India did not play any significant role in the negotiation process at the Rotterdam
Convention held recently. As a result of this it is likely that rules will come into effect in
upcoming years. This has concern many major industry in India as they were not expecting
this decision. The reaction of the industry especially shipper interests are typical of such a
situation i.e. protective of status quo and fearful of change. That is not to say they do not
have valid concerns. Firstly, industry sources maintain that the rules will not have much
impact in India if banks continue to insist on Shipped-on Board bill of lading. Shipping
companies argue that the potential harmonization of the rules can be shared by both shippers
and carriers. The major problem is industry sources, the pitiable state of infrastructure in
India which will not be able to ensure that there are no delays and subsequent losses. Another
major concern was highlighted in a seminar organized on the topic at St. Xavier’s Institute of
Management, Mumbai. It was related to India’s unorganized international trade comprising
of very small enterprises which do not have the expertise to function in the regime created by
the Rules. Another set of concerns relates to the Rules themselves, for instance it has been
argued that the ongoing duty of the Carrier to maintain seaworthiness is based on the premise
that that there will be a series of servicing facilities across the oceans. However, this
argument holds no water as any concept of due diligence is based on reasonableness as we
have observed while discussing Carrier’s liability. Another objection based on the multi-
modal nature of transport is that it will not be possible for the Carrier to guarantee speedy
delivery on other legs of the journey by modes such as railways. This objection overlooks the
fact that any such liability will arise out of contractual obligations only which are stipulated
in the Contract of Carriage and therefore can be “contracted out” by express declaration.

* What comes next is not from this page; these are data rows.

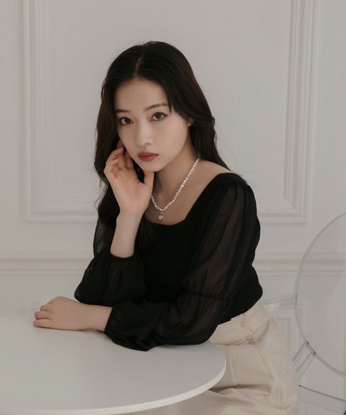 身頃がニットで、袖がシアー生地のデザイントップス。首元がスクエアに開いているので、 ネックレスやチョーカーを合わせるのもおすすめです。
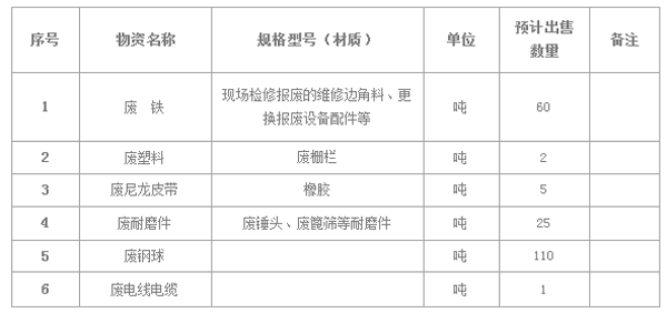 根據(jù)公司現(xiàn)場實際情況,本著“公開、公平、公正、誠實信用和競爭、擇優(yōu)”原則,濟寧海螺水泥有限責任公司擬開展廢舊物資公開招標,歡迎具備條件的單位參加,現(xiàn)將有關事項公示如下: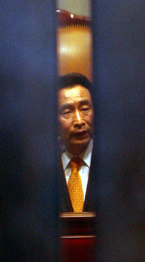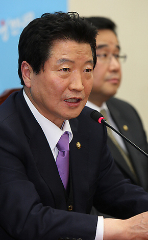 ←イ・ガンレ民主党院内代表が28日午後、国会予算決算委会議場で非公開で開かれた議員総会でハンナラ党と合意した‘ツートラック’協議案を説明している。 キム・ポンギュ記者bong9@hani.co.kr
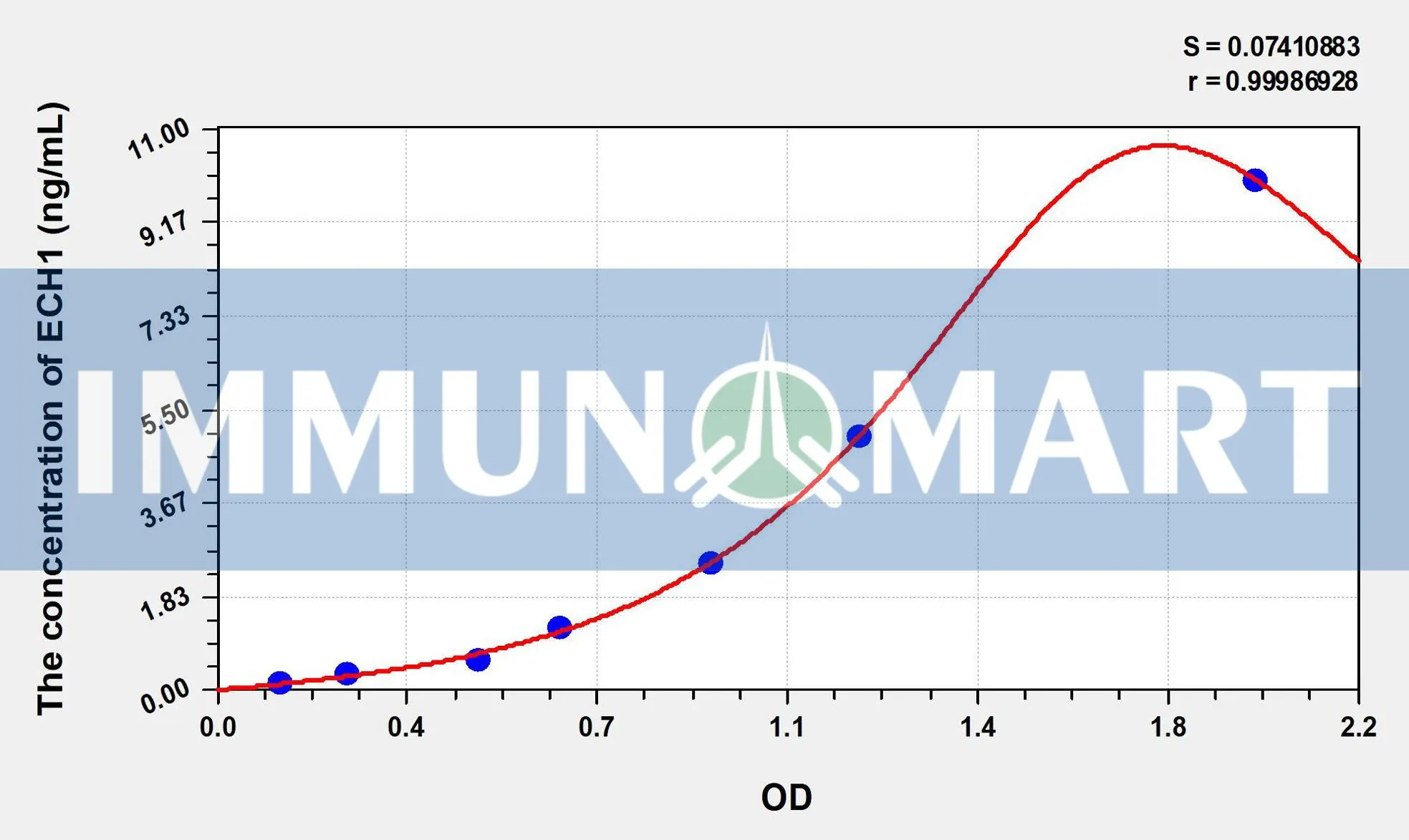 – The test principle applied in this kit is Sandwich enzyme immunoassay. The microtiter plate provided in this kit has been pre-coated with an antibody specific to Human ECH1. Standards or samples are added to the appropriate microtiter plate wells then with a biotin-conjugated antibody specific to Human ECH1. Next, Avidin conjugated to Horseradish Peroxidase (HRP) is added to each microplate well and incubated. After TMB substrate solution is added, only those wells that contain Human ECH1, biotin-conjugated antibody and enzyme-conjugated Avidin will exhibit a change in color. The enzyme-substrate reaction is terminated by the addition of sulphuric acid solution and the color change is measured spectrophotometrically at a wavelength of 450nm ± 10nm. The concentration of Human ECH1 in the samples is then determined by comparing the OD of the samples to the standard curve.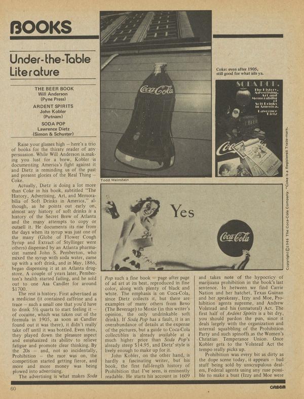 Raise your glasses high — here’s a trio of books for the thirsty reader of any persuasion. While Will Anderson making you lust for a brew, Kobler is documenting America’s fight against it and Dietz is reminding us of the past and present glories of the Real Thing — Coke.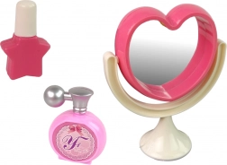 Srdíčkové zrcátko na stojánku, „lak“ na nehty a „parfém“ (imitace) podněcují fantazii a podporují hru na role v dětském salonu krásy.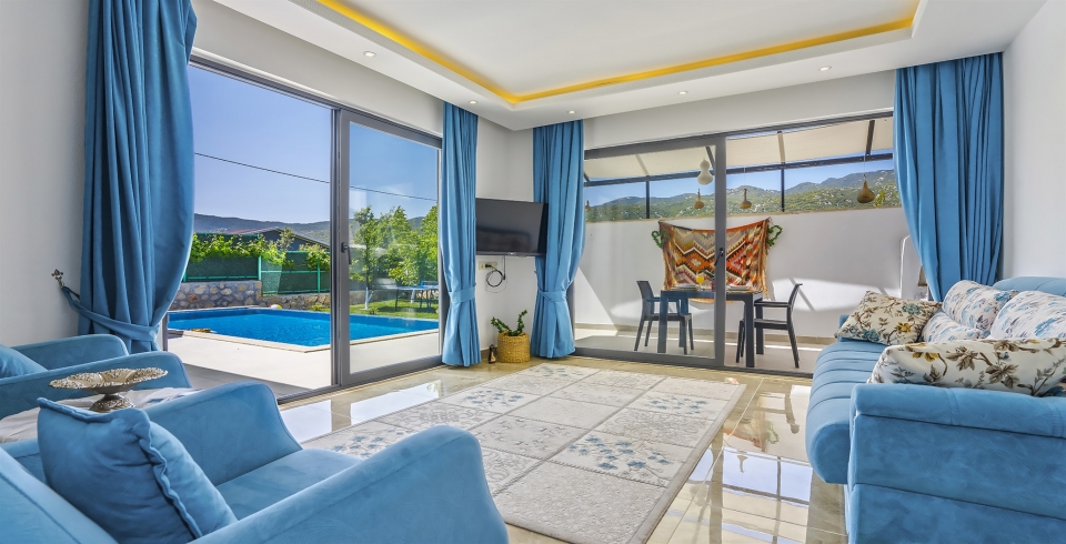 Salon : Villa Sakız’ın salonunda sizi şık bir oturma grubu ile klima, televizyon, internet, uydu, koltuk, sehpa ile ferah bir salon bekliyor olacaktır. Havuz terasına çıkış yapılmaktadır.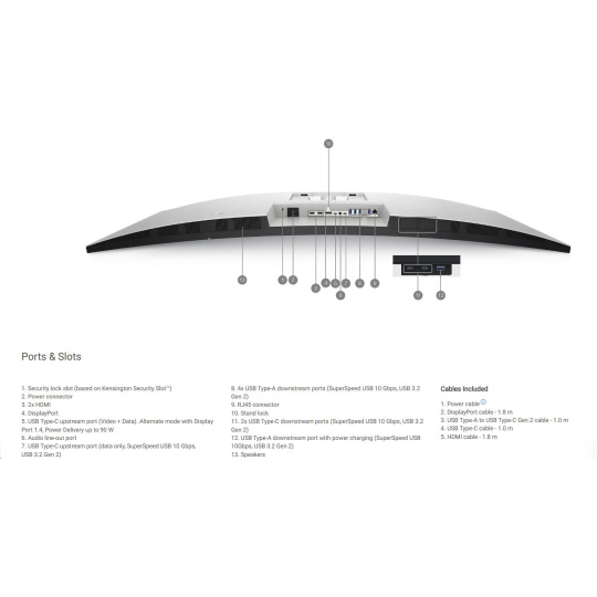 Rozlišení displeje:5120x1440; Úhlopříčka displeje ("):49; Výbava:VESA montáž, Pivot, Nastavitelná výška, Dokování NTB; HDMI počet:2; DP počet:1; DP verze:1.4; Doba odezvy (ms):8; Formát obrazovky:32:9; Typ panelu:IPS; Jas (cd/m2):350; Kontrast:1:2000; Obnovovací frekvence displeje (Hz):60; VESA rozměry:100x100; Standardní záruka (roky):3.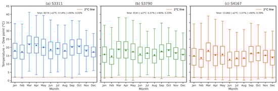 We statistically analyzed the overall characteristics of daytime and nighttime relative humidity, as well as the occurrence probability of high-humidity events. At S3311, a total of 25,454 data points were recorded, among which 43 instances (0.17%) exceeded the relative humidity 90% threshold. Notably, only 0.03% of the nighttime data surpassed this limit. At S3790, 131 of 25,600 measurements (0.51%) exceeded the threshold, of which only 0.2% occurred at night. At S4167, 358 out of 37,098 records (0.97%) exceeded the relative humidity threshold, with 0.39% occurring at night. These results indicate that high-humidity events are rare at the site, and their occurrence frequency increases slightly with elevation.

Though serious consideration of the effects of the Rules on Indian industry is required, such
consideration must distinguish between real and imagined threats. The instant clamor needs
to be carefully sifted in order to arrive at genuine concerns which can only be achieved by
commencing a serious dialogue on the issue.

Conclusion

To conclude this assignment I would like to share my opinions with others. To begin with, I
would like to say that our country India is one of the fastest growing country globally. It has
seen tremendous progress in global trade and business. When the entry in 20th century, India
has entered into the new era of trading. It is high time that the merchants should understand the
importance of Rotterdam rules. There is a dichotomy, since the carriers and Indian stakeholders
do not want to ratify the Rotterdam rules. The reason behind this reluctancy is that once they
ratify it, the liability or the accountability of losses or delay in delivery would be casted upon
the carriers and stake holders. On the other hand, there is lots of boon associated with ratifying
it. The first and upmost importance is that this ratification will fortify its stance and relation in
sea carriage. It is also pertinent to not that many nations have understand the importance and
ratify the Rotterdam rules. Almost 25 countries have ratify the treaty. Some of the most
powerful nations like United Sates have also ratify it and is a member to this convention. One
of the implication of their ratifying the convention is that these countries majority of 25 % of
the total world trade which places them at a higher pedestal than other countries. These
countries have a higher dominance in shippers and as well as carriers related business.
The perception and acceptance of the convention by these countries is that these countries have
realised that their ratifying the treaty will have a two folded importance. It will not only benefit
shipper but also the carriers. Hence it is important that the Indian stakeholders and traders
understand the importance of this convention and ratify this.